The High Authority for Health has updated its recommendations surrounding Lyme disease to offer more “personalized” management and avoid diagnostic wandering.
- The High Authority for Health has just published its new recommendations on Lyme disease.
- This update aims to harmonize clinical practices, to help healthcare professionals in their diagnostic and therapeutic approaches, but also to avoid medical wandering to patients.
- If the symptoms persist after antibiotic treatment, the patient suffers from post-burreliosis syndrome treated.
Lyme borreliosis, also called Lyme disease, is an infection due to a bacteria transmitted by a tick bite (genus IXodes). Nearly 47,000 cases were diagnosed in France in 2021, but this number could well be greater since patients experienced significant medical wandering before one can put a name on their disorders.
The High Authority for Health (HAS) published on February 18, 2025 of new recommendations To improve the diagnosis of Lyme disease as well as the care of patients whose symptoms persist.
Persistent Lyme disease: “a recognized and deepening pathology”
The 2018 HAS recommendations were updated at the beginning of 2025 in order to avoid “The medical wandering of any patient reached or likely to have these pathologies”. To this object, the HAS reminds the medical world that the long -term persistence of symptoms during a Lyme disease by antibiotic therapy is “A recognized and deepening pathology”. In addition, faced with numerous and above all variable symptoms from one patient to another, it requires that a “Personalized, global and multidisciplinary care” Let are offered to patients with this disorder.
Believing that he is “necessary to improve understanding and acceptance by the medical profession and the general public of the concept of post-infectious syndrome as pathology in itself“, HAS also details the symptoms which make it possible to repeat this pathology called Post-Borreliosis syndrome treated (or PTLDS: Post-Treatment Lyme Disease Syndrome in English).
Patients can present:
- unusual and disabling fatigue;
- musculoskeletal pain;
- Cognitive disorders (memory, concentration) persistent for more than six months after the end of treatment.

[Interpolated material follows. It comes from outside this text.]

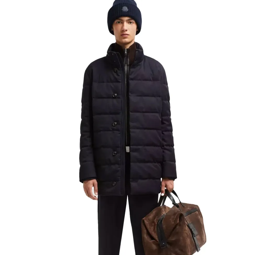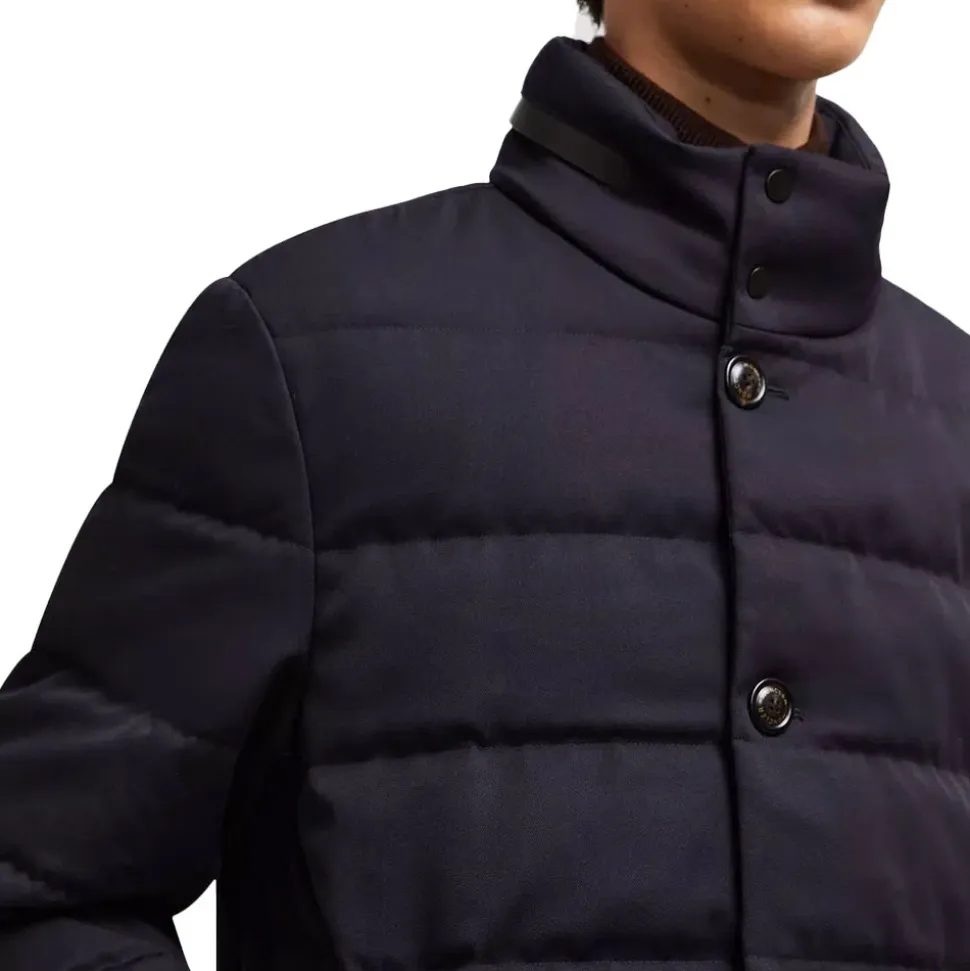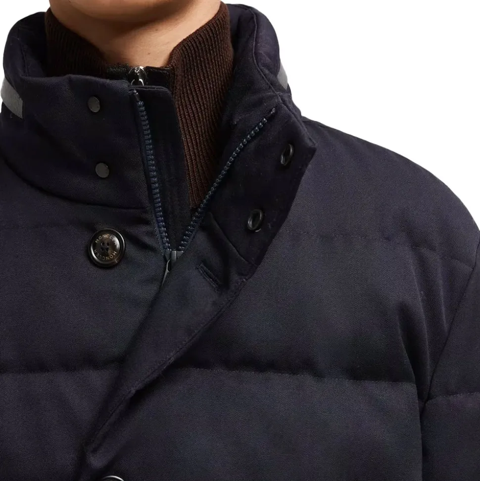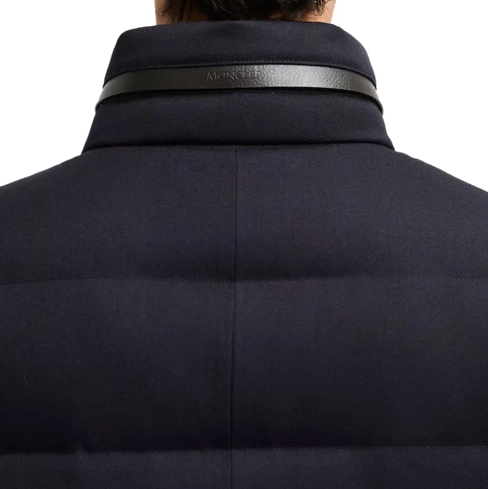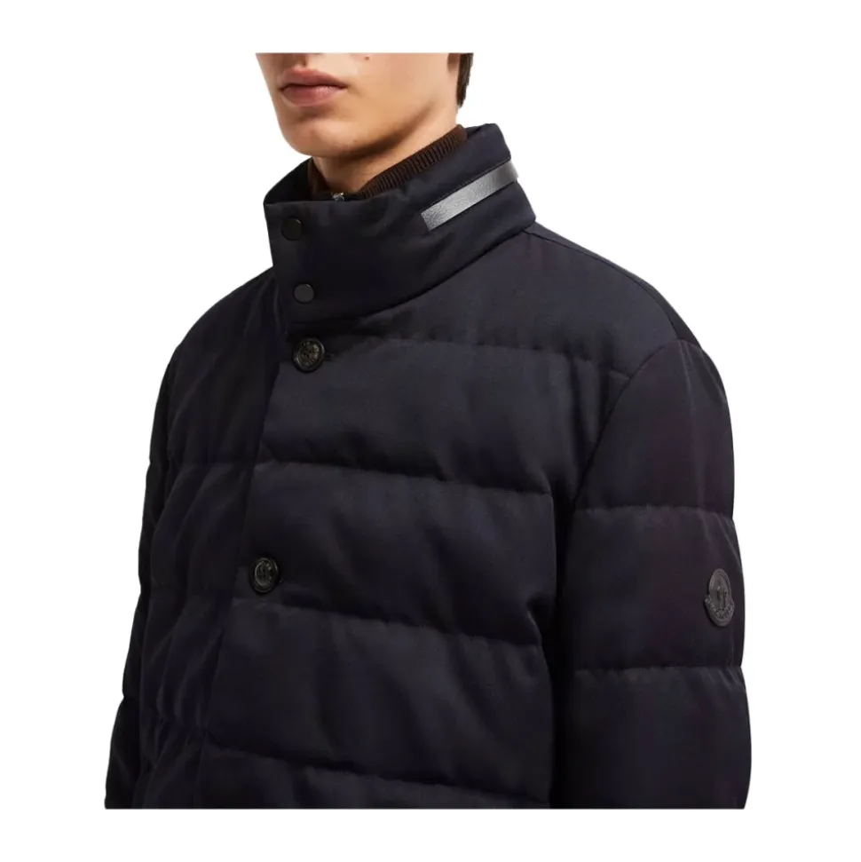 Opgrader din vinterstil med denne sofistikerede dunjakke fra Moncler. Fremstillet i uld, den har en skjult hætte og et elegant design, der er perfekt til enhver lejlighed. Produkt detaljer: Navy | Blå | Uld | Skjult hætte | Lynlås- og knaplukning | Trykknaplommer | Indvendig lynlåslomme | Læderlogo patch | Dimensioner og pasform: Modellen er 189 cm høj og bærer en størrelse 3. |

“These prolonged symptoms affect the daily life and quality of life of patients and receive in Europe between 6 and 20 % of patients treated for Lyme borreliosis“, Specifies the has.

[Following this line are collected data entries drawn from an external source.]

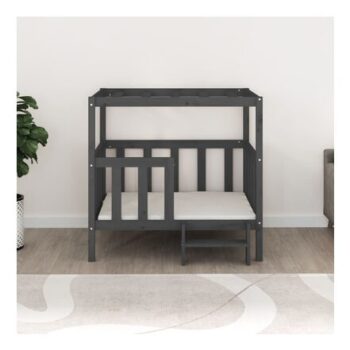 Beautiful Dog Bed Grey 105.5 X 83.5 X 100 Cm Solid Wood Pine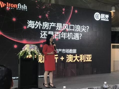 随后,著名中文海外房产平台——居外网CEO及董事Carrie女士上台致辞。开场就用她特有的港式普通话为大家营造了轻松的气氛,为大家分享了一些关于澳洲房市最具经验的市场见解并解析了全球房产中澳大利亚的房产趋势。
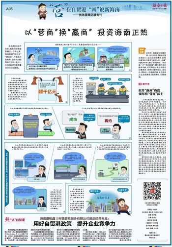 作为众多企业投资的“优选地”,海南有信心、有底气。企业看好海南的理由很多,比如,独特的政策优势、突出的区位优势,以及服务贴心、投资便利等等。无论是加速释放政策红利、加快打造贸易枢纽,还是不断提升政务服务水平、持续推出惠企便利举措,都反映出海南打造市场化、法治化、国际化一流营商环境的积极成效。这充分说明,好的营商环境对吸引企业投资至关重要。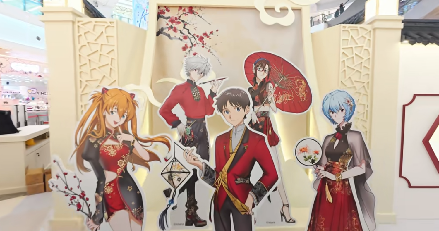 近日,二次元潮玩品牌JOYOUTH与现象级IP《新世纪福音战士》(EVA)携手,在上海静安大悦城打造了为期一个月的“落花盈裳”新中式主题快闪活动。活动不仅将五位主角巧妙融入中国风元素之中,更以“花”为灵感脉络,构建了一个沉浸式的东方美学空间。

PTLDS: What support for the patient?
In the updating of its recommendations, the High Authority for Health details the care which is now recommended in the event of suspicion of PTLDS. The patient must be sent “Preferably” to a jurisdiction center for tick-related vector diseases (CC-MVT) or a reference center for tick-related vector diseases (CR-MVT). “Once the diagnosis has been established, the management can be continued by these centers related to the attending physician. Psychological support or even physical rehabilitation can also be proposed”writes the organization.
The HAS also clarified the driving to be due to the appearance of the first symptoms of Lyme disease. Most often, it is a migrant erythema occurring within 30 days of the bite of an infected tick. The diagnosis is mainly based on a clinical assessment. However, diagnostic tests are also available, such as the Lyme serological test. When the infection is confirmed, an appropriate antibiotic treatment is systematically recommended.
Experts take advantage of their publication to request the holding of scientific work to better understand the mechanisms of the disorder or even improve diagnostic and therapeutic strategies. “”The objective being to better know the disease in order to be able to propose suitable treatments and highlight biological, psychological and social risk factors “they conclude.